The signs are really cute. They are examples of great graphic design, but ultimately, just signs. I had hoped to make some smart-sounding statement about semiotics or wayfinding (especially in relation to “The Secret Language of Signs,” Slate’s recent series on signs), but really, style and legibility seem to be the main point of the work. If there is something more interesting to tease out, it’s probably in regards to context: A shop selling books (so antiquated!) exhibiting hand-painted signs produced by another independently-owned, brick-and-mortar small business, and the printed/painted letters they love.

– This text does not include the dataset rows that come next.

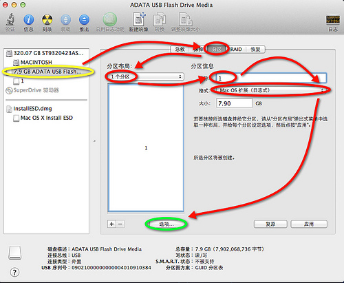 插入U盤(至少8G容量)。單擊U盤名稱,選擇“分區”,在分區布局選項中選擇“1個分區”,名稱建議使用數字“1”,格式選擇“Mac OS 擴展(日志式)”,之后進入“選項”。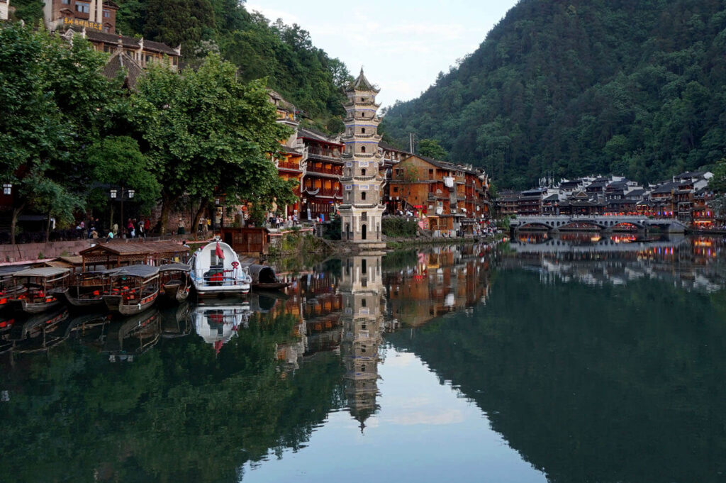 Фэнхуан очаровывает атмосферой «живой истории»: здесь можно гулять вдоль реки, наблюдать лодки, отражения старых домов в воде и повседневную жизнь местных жителей. Особый интерес представляют Северные и Южные городские ворота, старинные резиденции чиновников и традиционные лавки ремесленников. Вечером город преображается благодаря мягкой подсветке, превращаясь в одно из самых фотогеничных мест Китая. Это идеальное направление для тех, кто хочет почувствовать подлинный ритм древнего Китая без музейной статичности.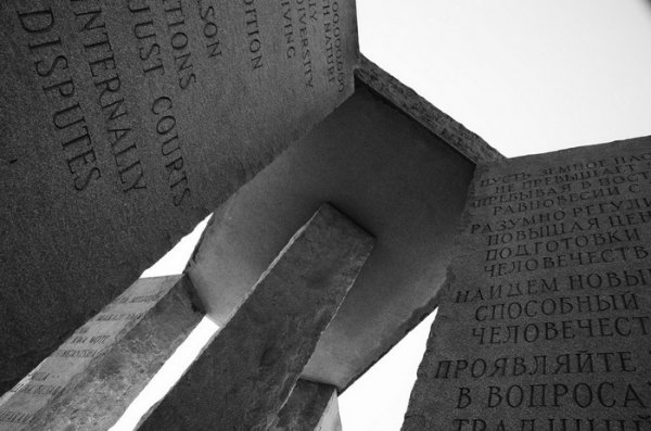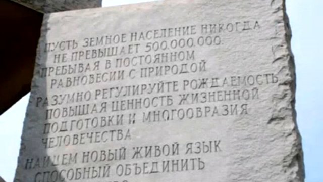 Камни содержат гравировки на восьми языках - английском, испанском, суахили, хинди, иврите, арабском, китайском и русском - и каждая заключает в себе десять "новых" заповедей для "Эры Разума". Камни также установлены с учетом некоторых астрономических соображений.
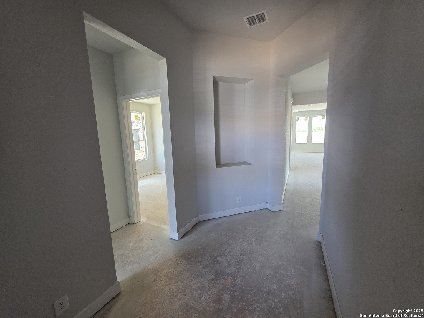 Property Description: This charming one-story home is designed for both comfort and style, making everyday living effortless. The gourmet kitchen, featuring quartz countertops, upgraded cabinetry, and a walk-in pantry, flows seamlessly into the bright and spacious family room, where large windows provide a serene view of the backyard. The secluded primary suite offers a private retreat with an oversized shower, dual vanities, and a generous walk-in closet, creating a space for relaxation and rejuvenation. Two secondary bedrooms share a well-appointed full bath, providing flexibility and comfort for family or guests. Step outside to the covered patio and enjoy the fully landscaped yard with a built-in sprinkler system, perfect for entertaining, unwinding, or simply enjoying life outdoors in a space designed for connection and ease. This home features design selections thoughtfully curated by our professional studio team. Each finish, from flooring and cabinetry to countertops and special touches, is chosen with care to create a cohesive and beautifully balanced look. Guided by timeless design principles and inspired by modern lifestyles, the result is a home that is both stylish and welcoming from the moment you step inside. This home is located in Saddlebrook Ranch, a master-planned community in the charming city of Schertz-named one of CNN/Money's top small towns. Enjoy easy access to I-35, premier shopping, dining, and Randolph Air Force Base. Planned amenities include a sparkling pool and playground, perfect for family fun. With the highly regarded Schertz-Cibolo-Universal City School District nearby, Saddlebrook Ranch offers the ideal blend of community, convenience, and small-town charm.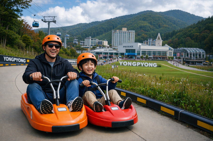 평창 여행 중 가장 인기 있는 액티비티인 용평 루지는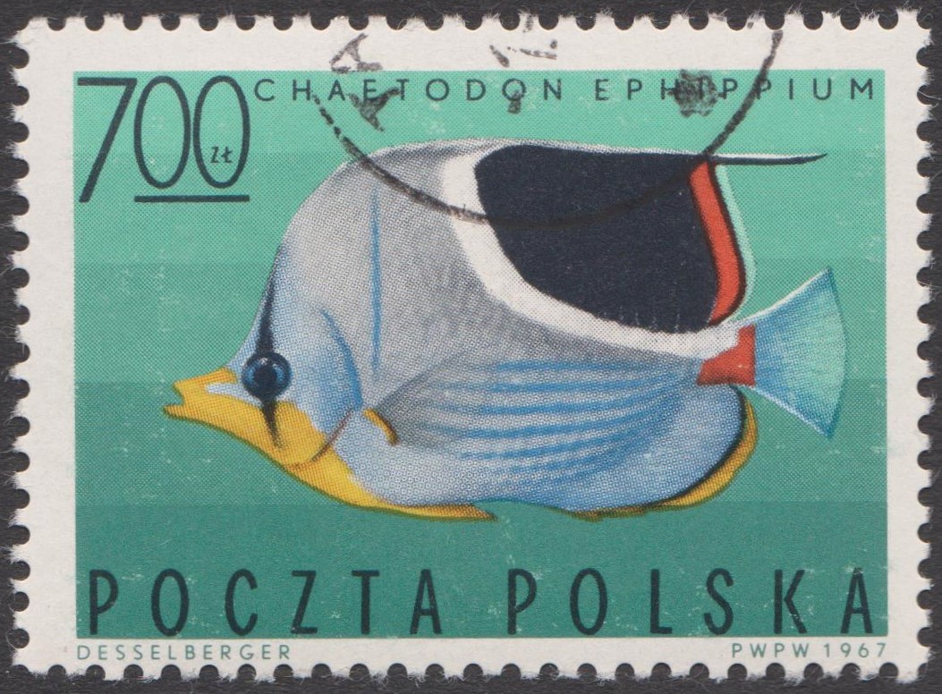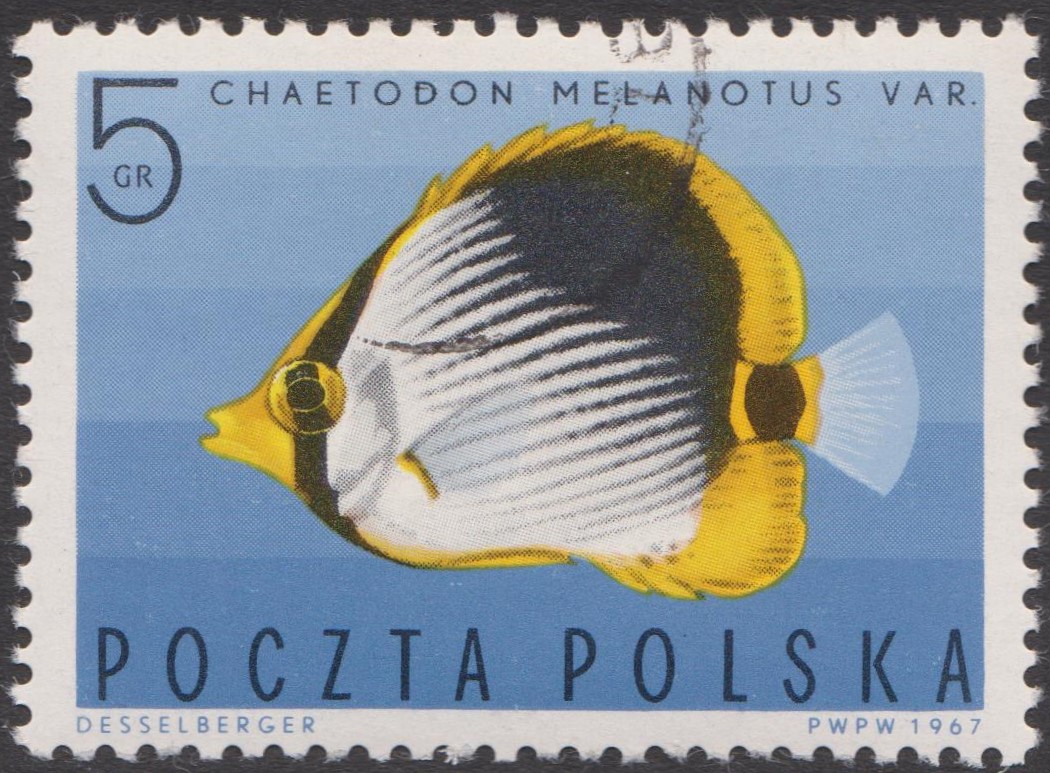 Dieses Postwertzeichen Polen MiNr. 1754 zeigt ein Exemplar der Art Arabischer Rippen-Falterfisch = Chaetodon melapterus:

Rockin’ Paper, Swingin’ Scissors at Rowan Morrison Gallery, Oakland, CA

Sort of in the same vein of totally adorable/collectible is Ryohei Tanaka’s show of papercuts at Rowan Morrison Gallery through April 3. Ryohei’s based in Tokyo now; I went to CCA with him in the late 1990s. Back then, he was a total drawing maniac, whose work was characterized by density and a cuteness that was simultaneously attractive and appalling. Now, his explosive prolificness has resulted in figures, monsters and robots in cheery colors and a traditional Asian folk art/paper craft. Small cuts start under $100; if that sinks your battleship you can walk away, as I did, with a navy screenprint of assorted figures on a white cotton rectangle (I think it’s a Japanese work scarf or tea towel) for $8.

WINSOME:

The website for Scott Oliver’s Lake Merritt project is up!

COMING SOON, to New York:

Gormley fatigue.

FASCINATING:

“Everybody Have Fun,” Elizabeth Kolbert’s round-up of recent books on the problematic intersection of happiness research and policy in the current New Yorker Magazine (March 22, 2010).